- Information provided
┄┄┄┄┄┄┄┄┄┄
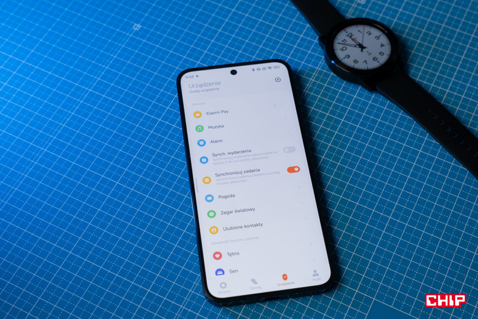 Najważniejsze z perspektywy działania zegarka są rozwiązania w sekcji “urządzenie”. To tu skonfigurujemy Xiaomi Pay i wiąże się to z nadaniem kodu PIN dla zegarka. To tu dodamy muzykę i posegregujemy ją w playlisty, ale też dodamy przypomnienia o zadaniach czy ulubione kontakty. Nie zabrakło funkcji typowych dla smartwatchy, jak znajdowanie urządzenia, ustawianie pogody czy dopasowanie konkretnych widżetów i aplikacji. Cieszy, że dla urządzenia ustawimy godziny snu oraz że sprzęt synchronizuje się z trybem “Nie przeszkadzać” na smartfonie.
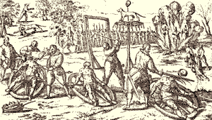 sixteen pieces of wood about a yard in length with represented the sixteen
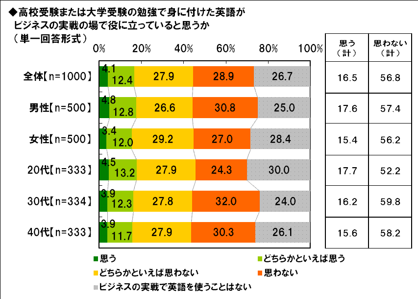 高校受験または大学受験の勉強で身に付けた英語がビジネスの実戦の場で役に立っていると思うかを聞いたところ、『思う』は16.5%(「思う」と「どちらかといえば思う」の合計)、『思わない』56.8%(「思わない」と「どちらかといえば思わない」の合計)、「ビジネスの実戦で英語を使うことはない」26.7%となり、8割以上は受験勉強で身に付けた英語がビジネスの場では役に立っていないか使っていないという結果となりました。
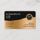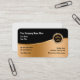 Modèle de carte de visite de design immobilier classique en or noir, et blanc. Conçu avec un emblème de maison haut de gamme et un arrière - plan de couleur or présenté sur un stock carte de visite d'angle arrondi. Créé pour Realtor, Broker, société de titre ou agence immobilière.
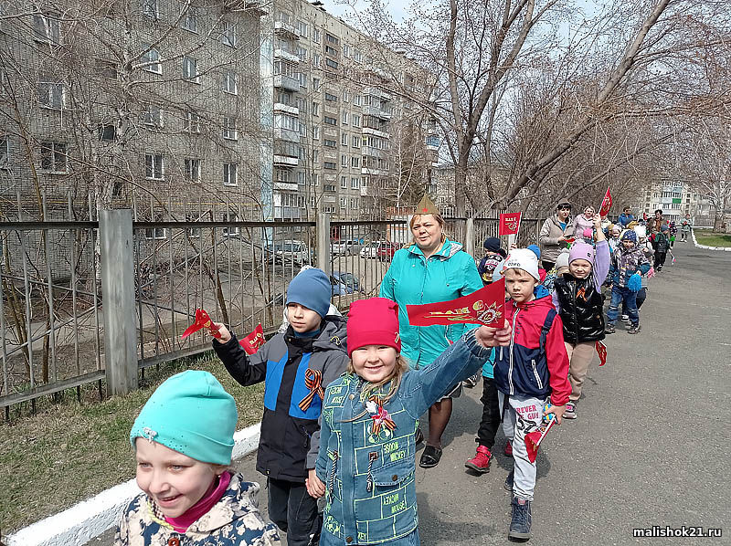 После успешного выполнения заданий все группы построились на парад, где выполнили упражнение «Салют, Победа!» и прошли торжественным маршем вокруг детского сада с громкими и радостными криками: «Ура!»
┄┄┄┄┄┄┄┄┄┄
- Problem to solve
Take the material above from the line containing "sixteen pieces of" up to and including the line containing "高校受験または大学受験の勉強" and retype it exactly, without any pictures.

- Answer below
 sixteen pieces of wood about a yard in length with represented the sixteen
 高校受験または大学受験の勉強で身に付けた英語がビジネスの実戦の場で役に立っていると思うかを聞いたところ、『思う』は16.5%(「思う」と「どちらかといえば思う」の合計)、『思わない』56.8%(「思わない」と「どちらかといえば思わない」の合計)、「ビジネスの実戦で英語を使うことはない」26.7%となり、8割以上は受験勉強で身に付けた英語がビジネスの場では役に立っていないか使っていないという結果となりました。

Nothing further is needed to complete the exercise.